With half of 2018 already sitting behind us in the rear vision mirror, X-PRESS looks at the films that amused, entertained, confronted, and awed us in the past months. From fish butt to cuddly bears, film stars to superheroes, Russian brutalism to the Australian outback – 2018 has certainly been a diverse year for films. DAVID O’CONNELL, NATALIE GILES, DAVID MORGAN-BROWN and LLOYD MARKEN take a look at the best 2018 has had to date.

Honourable Mentions: Hereditary, Deadpool 2, Isle of Dogs, Death of Stalin, Foxtrot, Unsane.

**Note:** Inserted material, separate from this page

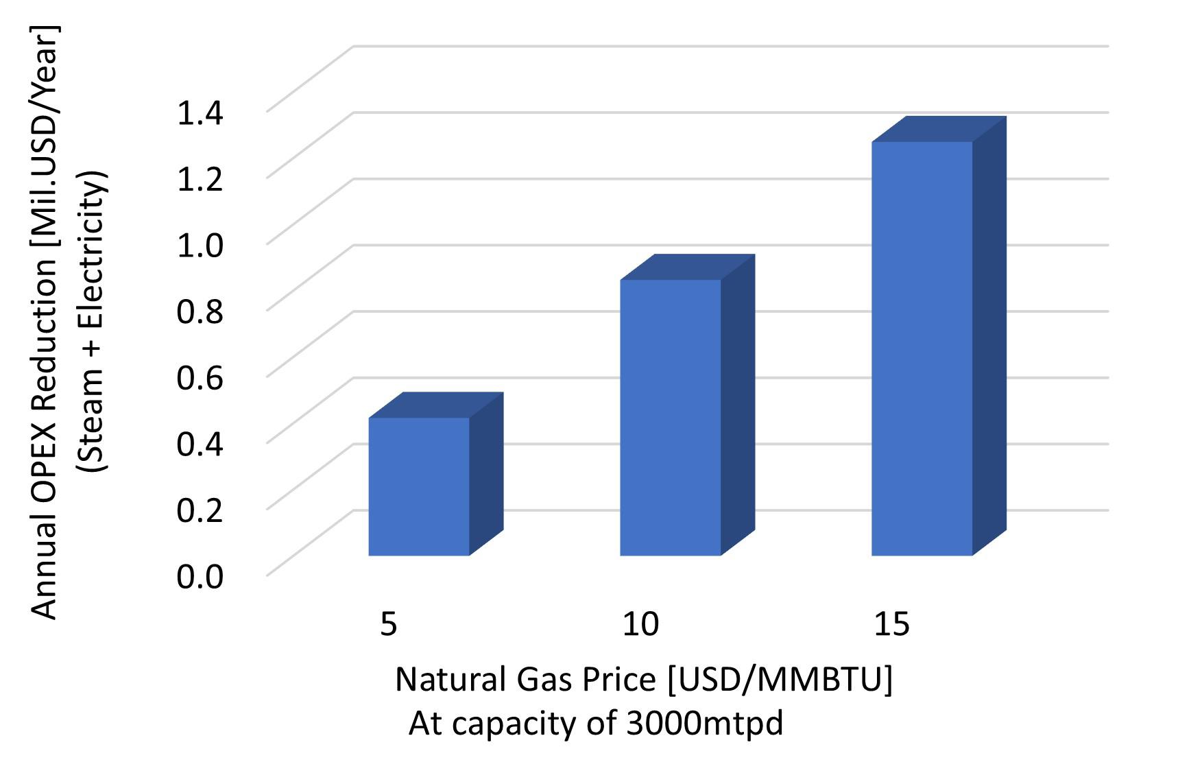 Figure 6 shows the OPEX savings by power reduction of high-pressure pumps (for NH 3 and carbamate) after converting an existing ACES21 plant to ACES21-LP without production increase. Savings in OPEX can be seen to account for US$0.2 – 0.7 million annually depending on natural gas price. Thus, the expense for upgrading a urea plant could be recovered within a few years, even in the case of cheap natural gas at US$5/MMBtu, and needless to say, higher natural gas prices would shorten this payout time.
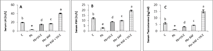 Fig. 2. Serum reproductive hormones in experimental rats. (A) LH, (B) FSH, and (C) Testosterone concentrations. Various letters were referred to statistical differences among groups at level (p < 0.05). (C): Control group, (Pb): Lead acetate group, (Pb + Vitamin E): Lead acetate + 100 mg/kg.b.w of vitamin E group, (Pb + KAF): Pb + 50 mg/kg.b.w. of kaempferol group, and (Pb + KAF + Vitamin E): Pb + 50 mg/kg.b.w. of kaempferol + 100 mg/kg.b.w. of vitamin E group. Table 3. Effects of kaempferol, vitamin E, and lead acetate on seminal function analysis in male rats.

DOC: A perfect souffle of a film, Lady Bird‘s light airiness belies the craftsmanship that went into its creation. There is an economy of style about this “coming of age” film, that effortlessly conveys a lot in its short run time. Anchoring this are two incredible performances, the young sardonic grace of Saoirse Ronan, and the wearied pragmatism of Laurie Metcalf. An extremely funny film that doesn’t lack emotional depth.

LM: The winner of Best Picture for 2017, the latest of Guillermo Del Toro was his best American film so far and not surprisingly came from his heart. This is wonderfully layered, rich with metaphors about the changing face of America post war and how it speaks to our times. More than just a love story between a creature and a woman that would be usually forbidden it also covers other ideas about materialism, fear of other, changing demographics and healthy sexuality. In fact the love story feels a little underwritten but as a passionate statement from a master storyteller The Shape of Water is a classic that will endure.

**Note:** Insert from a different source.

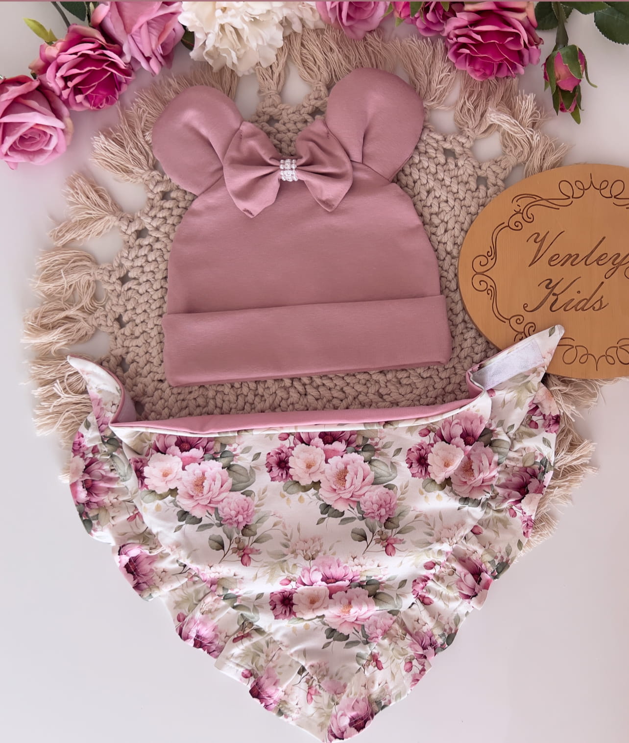 Czapka z uszkami + chusta z falbankami

DMB: Hard as nails, yet with a soft moral centre, Vince Vaughn dominates the screen as an unstoppable force of martyrdom, as he must put himself down and further down through the various levels of prison hell to save the life of his wife and unborn child. Writer-director S. Craig Zahler (following his excellent Western debut Bone Tomahawk) carefully crafts every single word in his scripts to maximum literary prowess, like a pressurised Quentin Tarantino. Given the events in the film’s last act, this is not for the squeamish, though it’s worth stomaching for such a memorably visceral movie experience.

DOC: It’s amazing to see a perfectly constructed script made into film. Rarer still to see it in a kid’s film about an already established brand, but that is exactly what Paddington 2 is. Here there is not a breath wasted, and everything finds a place. Add to this the inventive visually lyrical style of director Paul King, and this is something extraordinarily special. Being kid friendly and immensely entertaining, well, that’s just the crowning cherry on top.

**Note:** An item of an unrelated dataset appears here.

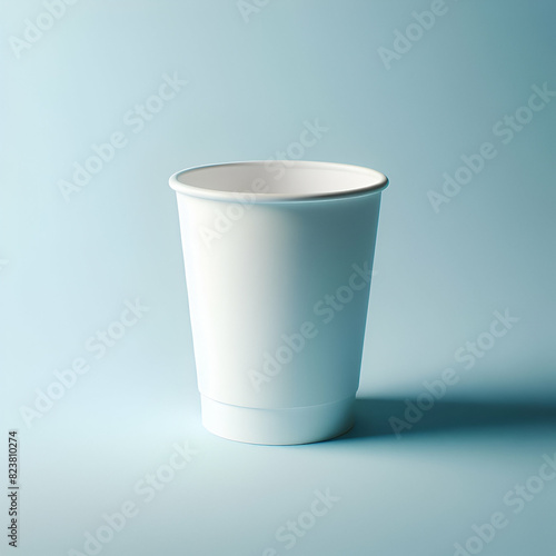 disposable coffee cup in white, on a light blue background, to put your logo, for hospitality businesses

NG: Definitely voted up for representation, this is one of the most exhilarating rides through super heroism in recent years. Featuring an extravagant visual spectacle, phenomenal performances, direction, set design and costuming throughout – and there’s a plethora of strong women of colour to boot!

LM:  A 2017 film released earlier this year, Film Stars Don’t Die In Liverpool told the May/December romance of movie star Gloria Grahame with Liverpudlian Peter Turner, a local actor. They met in England in the late 1970s with her career slowed but her fame meaning something to fans of the Golden era of Hollywood. More than just a romance, the film captures a time and place effortlessly and how family can inform your morality and be relied upon in stress. The love story of Peter Turner’s family is almost as important as his one with the former Oscar winner. At the centre of the film are two great performances by Jaimie Bell and Annette Bening who has reached Meryl Streep status in her ability to always deliver and do some of her best work at this stage in her career.

DOC: Phenomenal storytelling and acting combine to give us a rare treat. We certainly started the year off right with this film’s brave narrative process. Anchored by three stunning performances (Frances McDormand, Woody Harrelson, Sam Rockwell) Three Billboards Outside Ebbing, Missouri constantly defies expectations, never giving audiences easy answers. The result is brave, moving, and surprisingly funny.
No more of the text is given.